START Dataset section

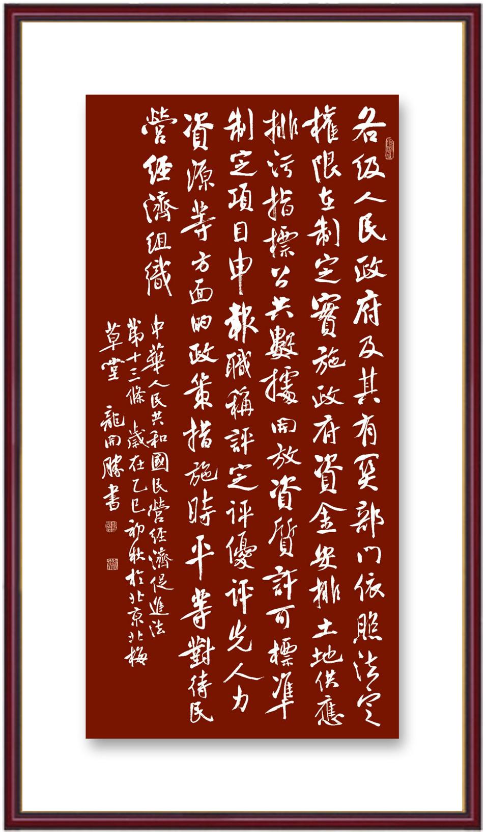 《中華人民共和國民營經(jīng)濟促進(jìn)法》自今年5月20日起施行。作為我國首部專門關(guān)于民營經(jīng)濟發(fā)展的基礎(chǔ)性法律,民營經(jīng)濟促進(jìn)法將支持和保障民營經(jīng)濟發(fā)展的法律制度融入中國特色社會主義法律體系,具有重大的法治意義,為促進(jìn)民營經(jīng)濟持續(xù)、健康、高質(zhì)量發(fā)展提供了堅實的法治保障。為更好地學(xué)習(xí)、宣傳、貫徹這部法律,法治日報社聯(lián)合司法部普法與依法治理局,開展“‘書·法’系列活動之書寫《中華人民共和國民營經(jīng)濟促進(jìn)法》”活動。
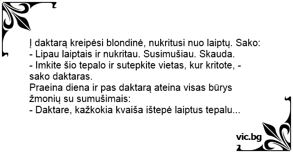Į daktarą kreipėsi blondinė, nukritusi nuo laiptų. Sako:
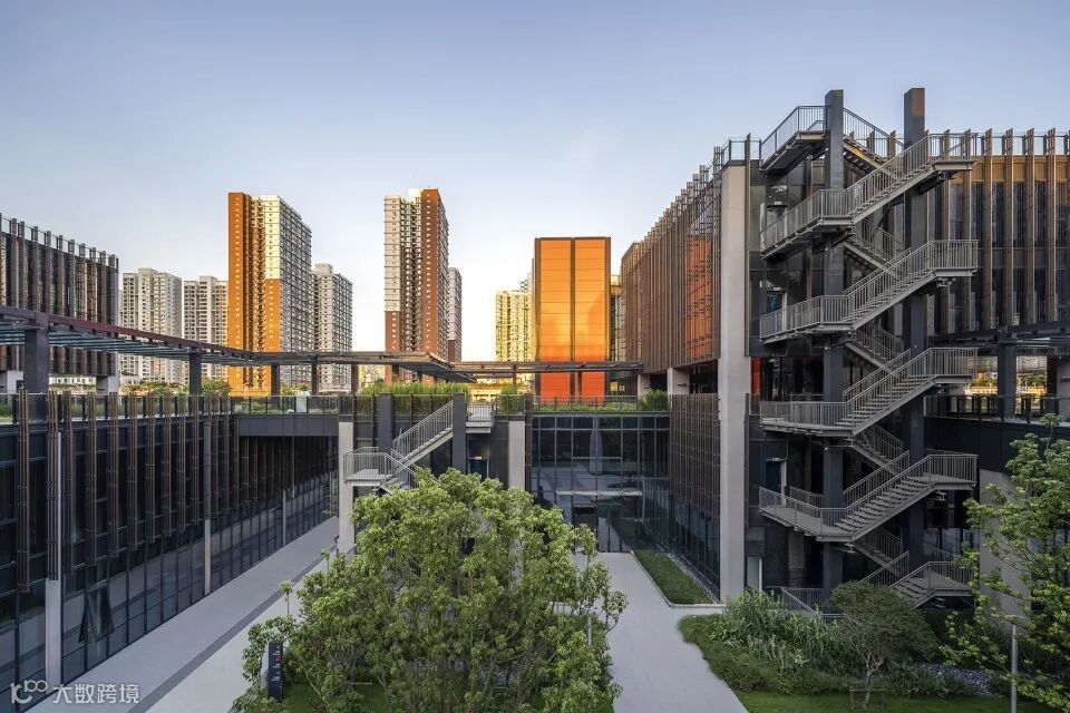 深圳碧桂园凤凰智谷的外立面简洁挺拔,采用玻璃幕墙与竖线条遮阳板,给人以清爽高效的整体印象。
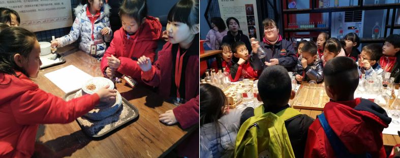 孩子們先后參觀了游客中心、時光酒塔、釀造車間及各類酒庫,盡情體驗了曲樂坊研磨五谷、醉酒屋的形態(tài)各異、以及投壺比賽游戲,深切感受到了酒文化的悠遠魅力。在時光酒塔孩子們知曉了白酒釀造歷史,品位著各不相同的文化特色,并聆聽西安酒廠的發(fā)展歷程;參觀釀造車間時,孩子們了解到工藝釀造,明白高粱制酒的過程;尤其是秦酒宮那別具特色的老酒海,更加開闊了孩子們的眼界。

END Dataset section

_Aim of the exercise_.
Line by line, give the material above again exactly, but without any pictures.

_Exercise solution_.
 《中華人民共和國民營經(jīng)濟促進(jìn)法》自今年5月20日起施行。作為我國首部專門關(guān)于民營經(jīng)濟發(fā)展的基礎(chǔ)性法律,民營經(jīng)濟促進(jìn)法將支持和保障民營經(jīng)濟發(fā)展的法律制度融入中國特色社會主義法律體系,具有重大的法治意義,為促進(jìn)民營經(jīng)濟持續(xù)、健康、高質(zhì)量發(fā)展提供了堅實的法治保障。為更好地學(xué)習(xí)、宣傳、貫徹這部法律,法治日報社聯(lián)合司法部普法與依法治理局,開展“‘書·法’系列活動之書寫《中華人民共和國民營經(jīng)濟促進(jìn)法》”活動。
Į daktarą kreipėsi blondinė, nukritusi nuo laiptų. Sako:
 深圳碧桂园凤凰智谷的外立面简洁挺拔,采用玻璃幕墙与竖线条遮阳板,给人以清爽高效的整体印象。
 孩子們先后參觀了游客中心、時光酒塔、釀造車間及各類酒庫,盡情體驗了曲樂坊研磨五谷、醉酒屋的形態(tài)各異、以及投壺比賽游戲,深切感受到了酒文化的悠遠魅力。在時光酒塔孩子們知曉了白酒釀造歷史,品位著各不相同的文化特色,并聆聽西安酒廠的發(fā)展歷程;參觀釀造車間時,孩子們了解到工藝釀造,明白高粱制酒的過程;尤其是秦酒宮那別具特色的老酒海,更加開闊了孩子們的眼界。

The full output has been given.